We were scheduled to have school pictures taken, I wanted to have curls in my straight hair. I needed to get some upgrade to make me happy. I pestered Mama to cut my bangs. She promised to do it after supper and when she had some down time that night. I was needy and whined about until my brother decided he would sheer me. He did..................off cut at an uphill angle.
Mama pin curled my hair that night, I was so beautiful that morning ( in the mirror).
I walked into the classroom expecting to hear my subjects applaud.
The "anointed one", spoke loud and clear,
"Earline's hair looks like she is wearing and umbrella on her head".
I got pay back when she was standing in front of the class giving her report and I stuck out my tongue at her.
She mouthed, "Bangs".
I saw red, jumped up and slapped the fire out of her cheek.
She ran from the classroom crying.
I sat down and cried, not from being sorry I did that, but from nerves and total embrassment.
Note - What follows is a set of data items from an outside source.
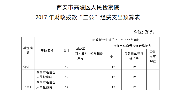 高陵區人民檢察院2017年“三公經費”支出預算表
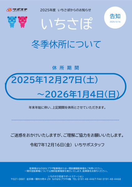 冬季休所のお知らせ(2025/12-2026/1)
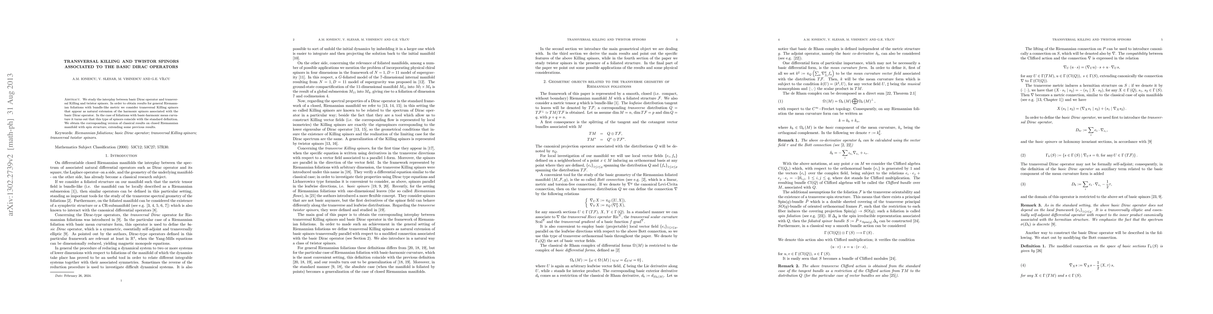 Summary: This paper investigates the relationship between basic Dirac operators and transverse Killing and twistor spinors, extending harmonic spinors for general Riemannian foliations, and demonstrating that these coincide in specific cases, yielding classical results on closed Riemannian manifolds with spin structures.
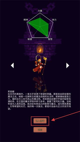 1、选择【莉安娜】角色,点击【进入游戏】按钮,开启地下魔宫冒险,解锁后续任务与伙伴养成玩法。
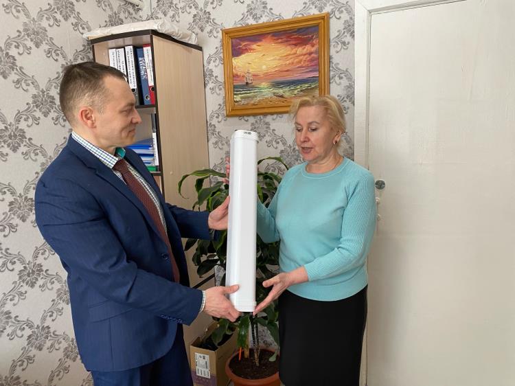 Рециркуляторы получили и детсады Восточного – «Сказка» и «Снежинка». Их вручил депутат районной Думы, заместитель главного механика АО «ОМЗ» Андрей Данилов.
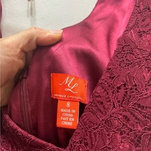 Gorgeous low V cut, sleeveless fit and flare burgundy gown
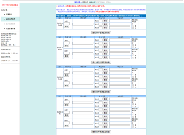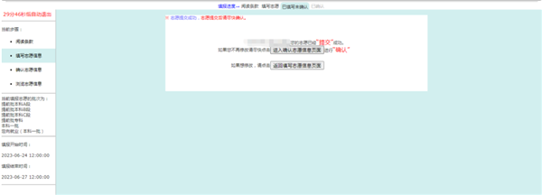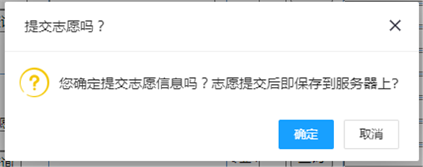 全部志愿信息輸入完畢后,必須點(diǎn)擊“提交”按鈕,否則服務(wù)器無(wú)法接收到志愿信息。全部志愿確定無(wú)誤后,必須點(diǎn)擊“確認(rèn)”按鈕。在點(diǎn)擊“確認(rèn)”按鈕之前,可以任意修改所填志愿。

Took me years to get comfortable with my grooming efforts.
My picture shows she was right but.....................................dang it.
Eighth grade, cheerleader, waxy orange colored Tangee lipstick wearer, tissue stuffed bra wearer, needy for approval nobody.
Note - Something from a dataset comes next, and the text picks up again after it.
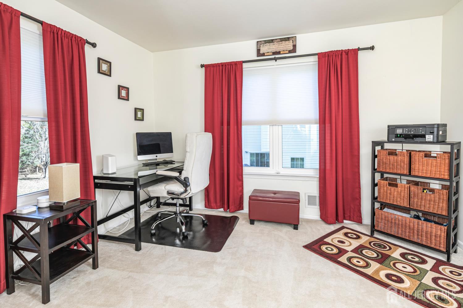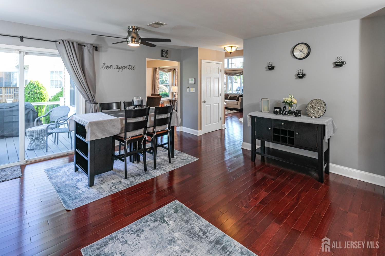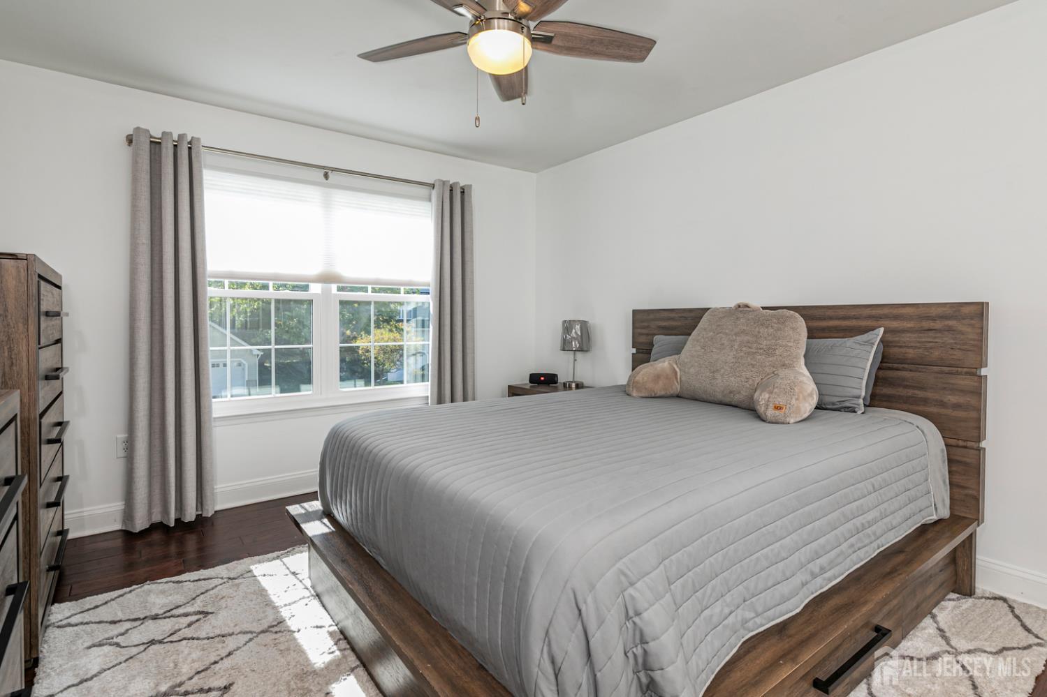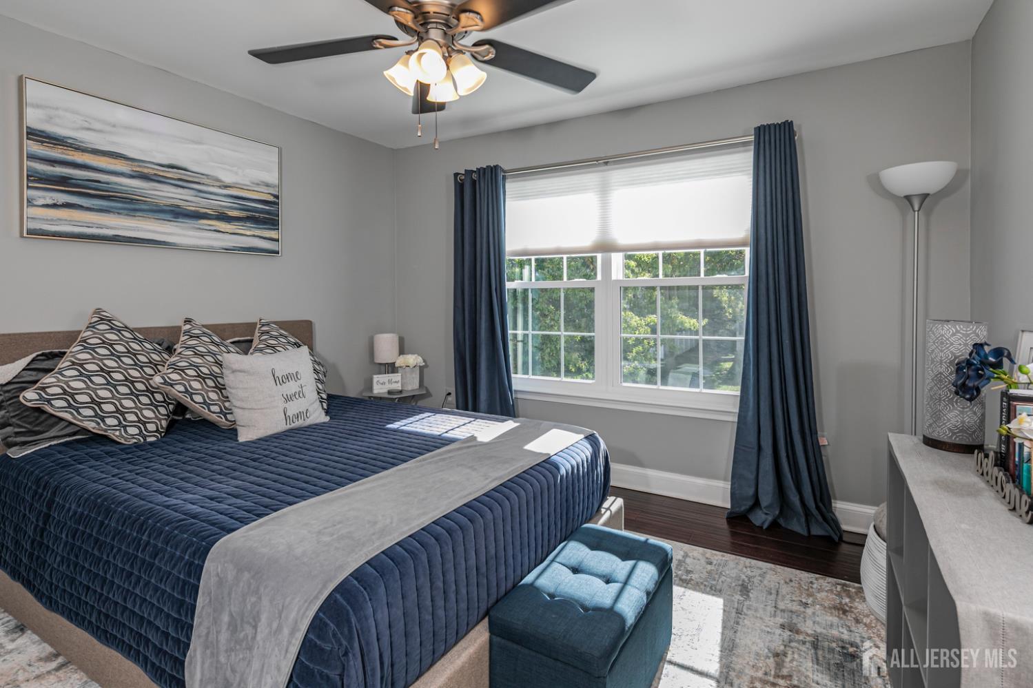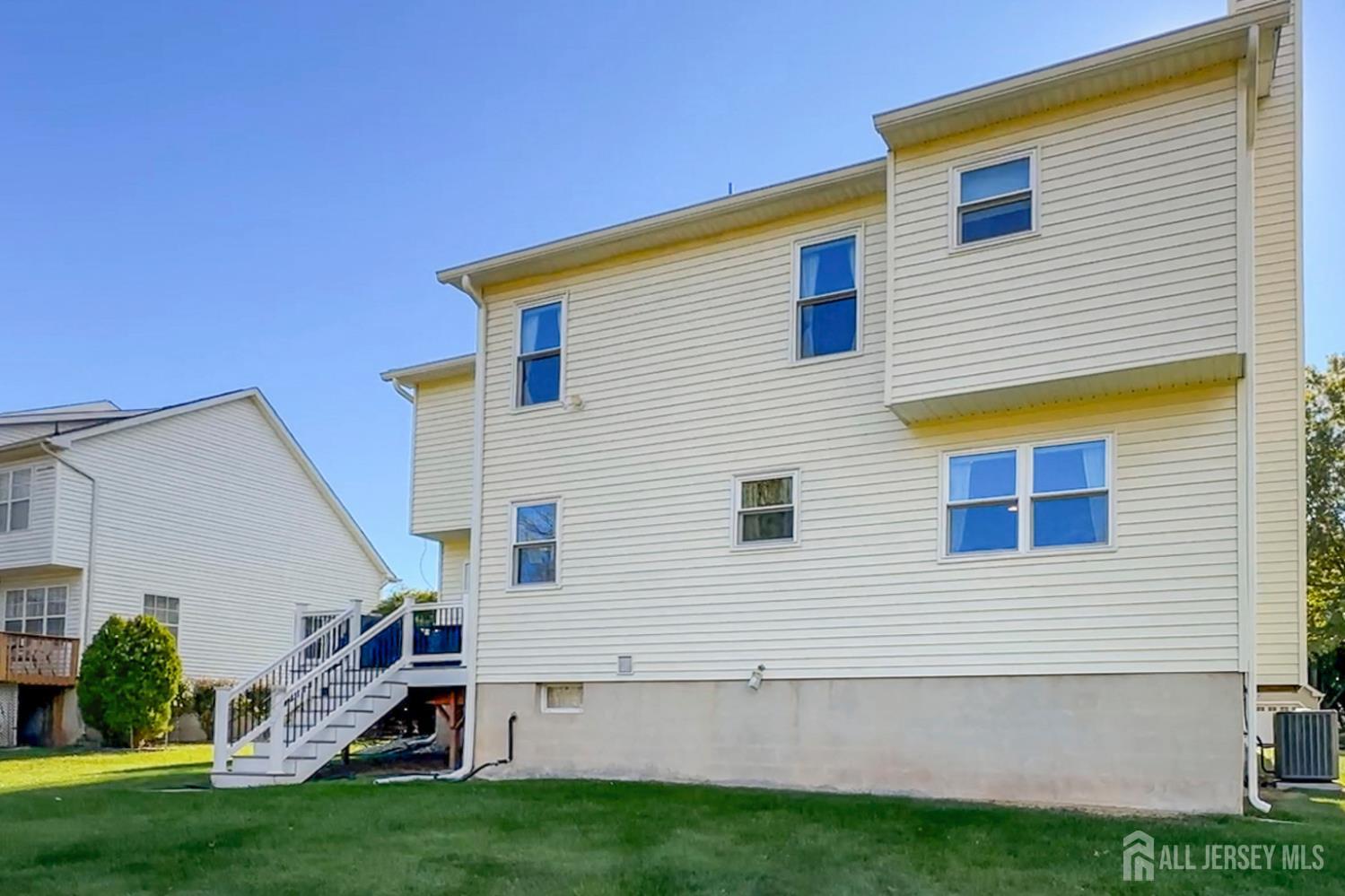 Nestled on a cul de sac this Beekman Manor home is perfect. The Flexible floor plan is comfortable thanks to a warm modern palette and hardwood floors. Replaced windows let in loads of light, especially in the two-story foyer and open entertaining rooms. The roomy, eat-in kitchen equipped with stainless steel appliances flows out to a new, no-maintainance deck, overlooking the park like yard, perfect for sipping morning coffee in the fresh air. A fireplace and recessed lighting let you customize the mood in the adjoining family room. You'll find the powder room and laundry conveniently tucked away near the garage. Head downstairs to the finished basement which offers plenty of storage and is perfect for play time or a workout that can be squeezed into a hectic schedule. Upstairs, double doors introduce the primary suite, offering a large closet, with a newly renovated bathroom and modern vessel sinks, backed by hexagonal tile, a big soaking tub, and a separate shower behind frosted glass. A neutrally tiled hall bath serves three more bedrooms. With a prime lot, ample indoor space and smart improvements, this home is the perfect spot for your next chapter. A short distance to the Greenbrook elementary school in a Blue Ribbon school district. Close to Rt 1, 27, Turnpike, Parkway and all major roads, great restaurants and shopping. Improvements to the home are: Newer W/D, microwave, refrigerator, Newly renovated primary bath, main bath re-grouted, replaced windows, custom shades through out,newer front door, deck, epoxy garage floor, newer HVAC,new hot water heater, newer roof, extra insulation between garage and second bath for increased efficiency. App controlled - Ring ready,security system, front door key pad,motion lights-driveway and patio door. Primary bedroom virtually staged.

I was without any notepaper when our teacher, Principal B. G. Tew announced a pop quiz.
I leaned over to the student sitting in front of me to ask if I could borrow a sheet of paper.
I passed gas........................LOUD.
Pressure against my stomach caused the moment to be a long, drawn out flubbering.
Not a single sound in that classroom at that exact moment.
Eyes from everywhere looked at ME.
Linda, the one to always turn red at the drop of a pin started to snicker followed by gwaffing from the four corners of the earth.
Mr. Tew cleared his throat before walking out of the classroom.
Black spots in my vision.................................
Eleventh grade admirer smiled and pitched woo all year. I played coy and never gave him any definate encouragement because my Daddy was strict and didn't allow me to date. I really wanted to go to the movies with him, but knew it was hopeless so I kept him hanging and hopeful.
Summer found me in the field picking cotton one hot steamy morning. I was sweating, dirty and listening to Elvis sing on the radio that sat on the back porch. Elvis had me focused. I didn't see the little yellow VW drive into our lane.
Mama came to the porch to tell me I had a caller.
"Who"?
She gave me the name.
I fainted.
I made excuses for Mama to convey to him for me. I simply couldn't let him see me in my natural habitat. Mama was furious with me for putting her in that position.
I suffered all the rest of that summer thinking about how I would handle things between us when school started back in the fall.
First day back I watched and listened as I saw him holding hands with a cute Freshman.
I died a slow death of embrassment as I heard, "Cotton Picker".
I had earned that grand slam.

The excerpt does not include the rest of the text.